The solution is deployed on the AWS cloud. While we have built it using only open source technologies, we chose to use several AWS-managed services on top of those technologies such as Amazon Elastic Kubernetes Service (EKS), Amazon Elastic Container Registry (ECR), and Amazon Elasticsearch Service, instead of a fully self-managed solution. This approach allowed us to:

  • reduce maintenance cost;
  • remain cloud-agnostic and maintain the possibility of migration to different premises.

Business Value Delivered

Abto Software has delivered a comprehensive AI-powered customer support automation software system for a leading European FinTech corporation. Two key features of the delivered solution include:

  1. Automatic intent recognition of the incoming customer emails and the messages received through the company’s support portal;
  2. Automatic fulfillment of the selected subset of recognized customer requests and logging of all automated decisions into Salesforce CRM.
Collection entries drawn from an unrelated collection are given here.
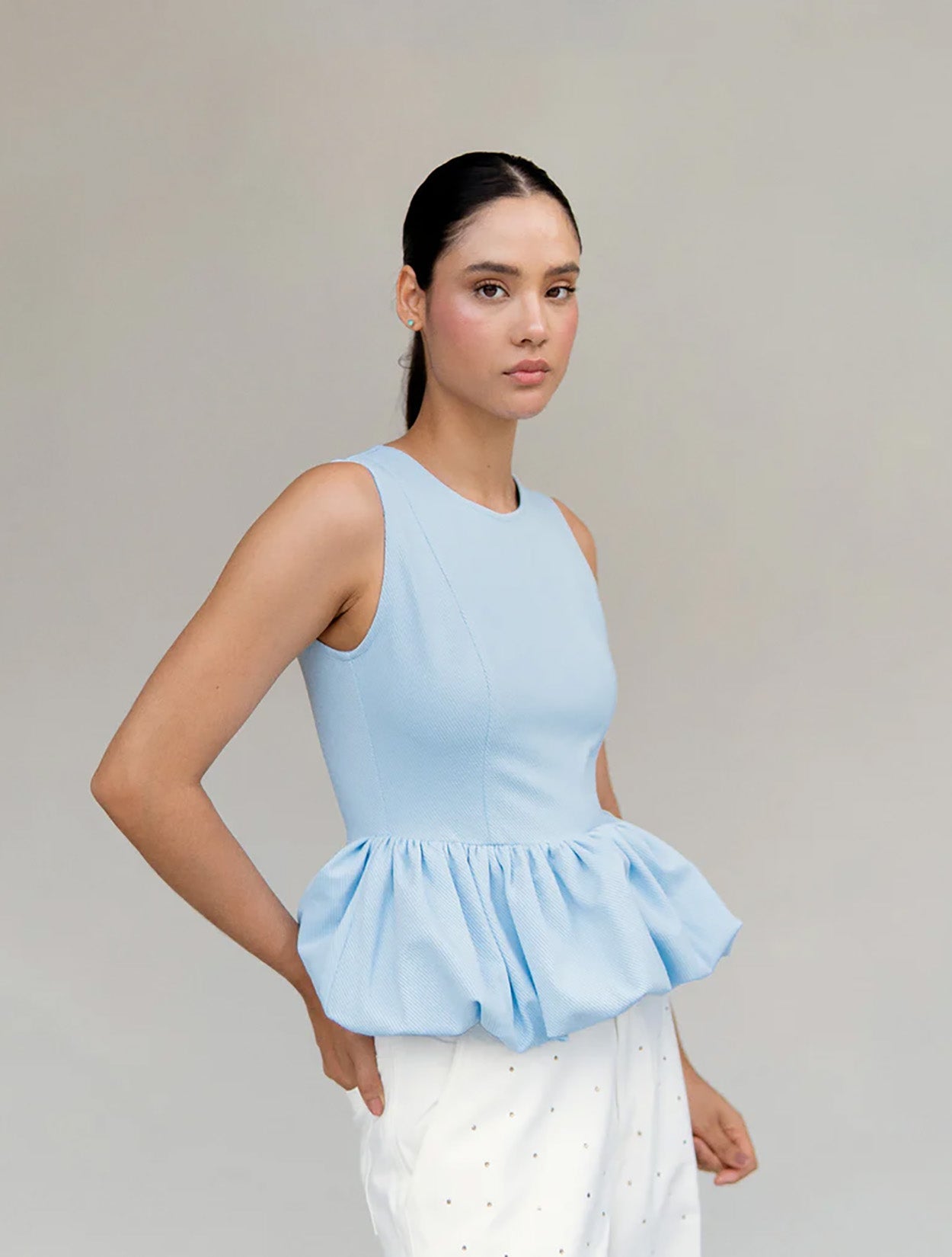 El Top Truffle ha sido el preferido de esta temporada, y ahora llega en colores básicos para elevar tus outfits. Su silueta es perfecta, con corte en la cintura, peplum globo, y cremallera en la espalda.
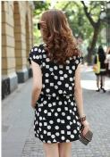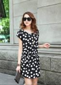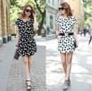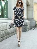 シフォン柄ワンピース/ベルト付黒★M v-fd4070-c8511
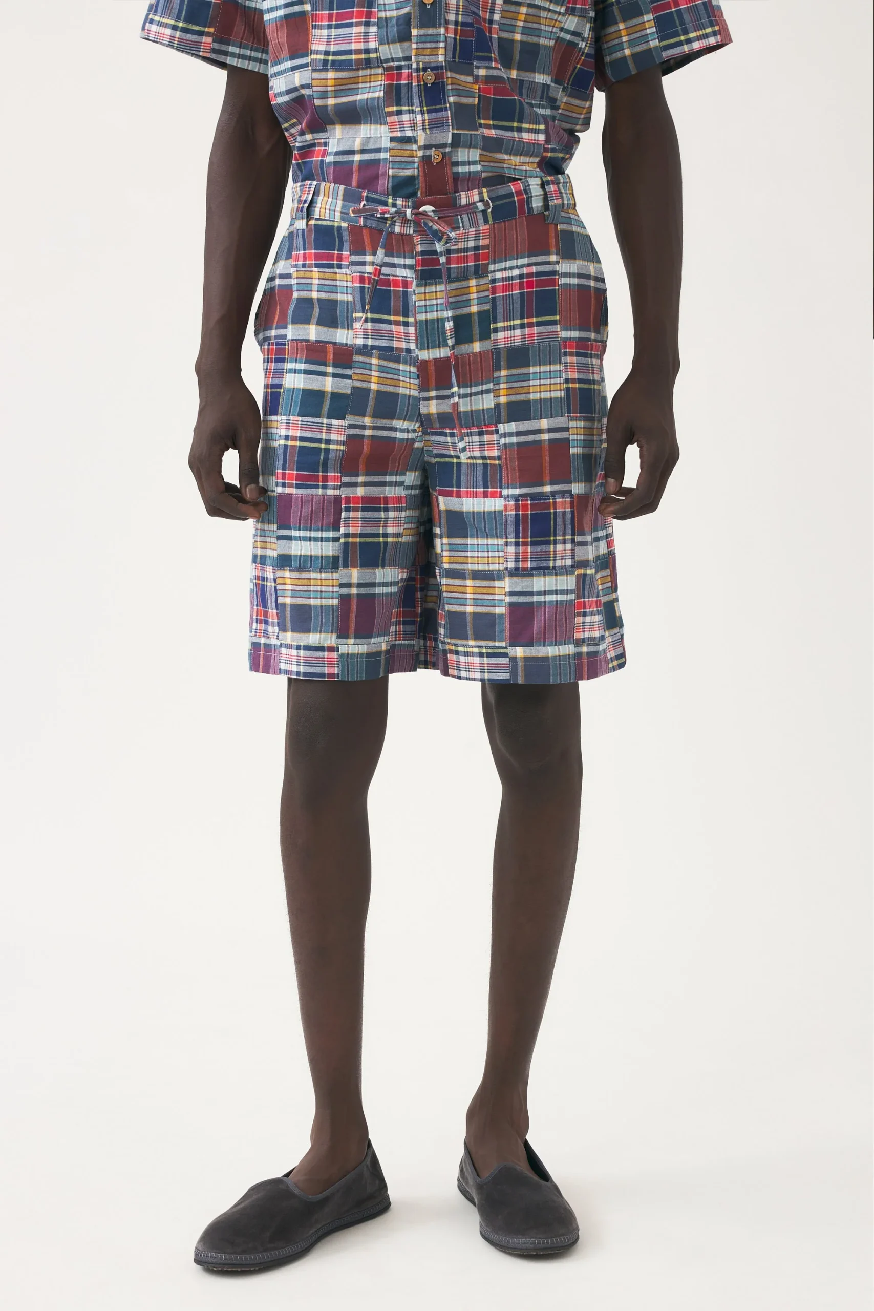 Short imprimé en voile de coton. Deux poches latérales. Ceinture en cordon insérée à l’aide de deux oeillets inspiration bateau.
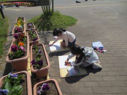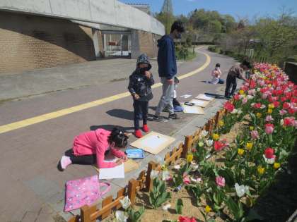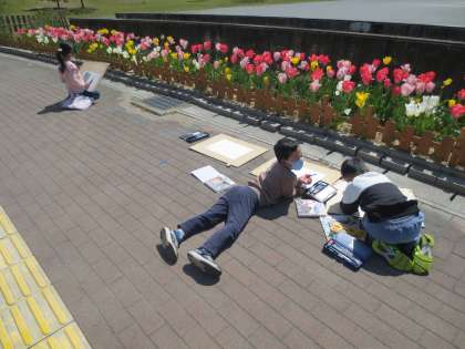 ぽかぽか暖かいので、玄関前で写生です。ある子が「先生見てみて。チューリップの花粉がいっぱいだよー」というと、何人かの子が集まってきます。そうすると「先生、花粉ってなあに?」と質問が出るので、2年生にわかるような単語を使って説明しようとするのですが、それがなかなか難しいのですわ。
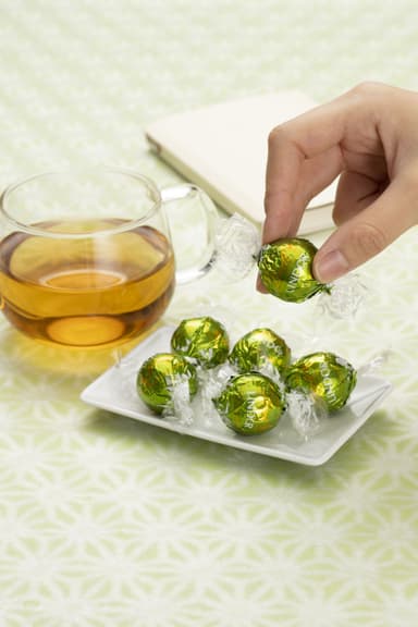 鮮やかな抹茶グリーンの包みがひときわ目を引く「リンドール 抹茶」は、リンツの店舗の「ピック&ミックス」でお求めいただけます。

The developed AI-based CSA system also includes a customer service chatbot integrated into the company’s support portal.

The selected microservice approach and the technologies used for deployment of the customer support automation system allowed us to build a reliable, secure, and scalable cloud-based solution that helped our client reduce customer support costs while simultaneously increasing the overall customer satisfaction levels due to ensuring timely customer service.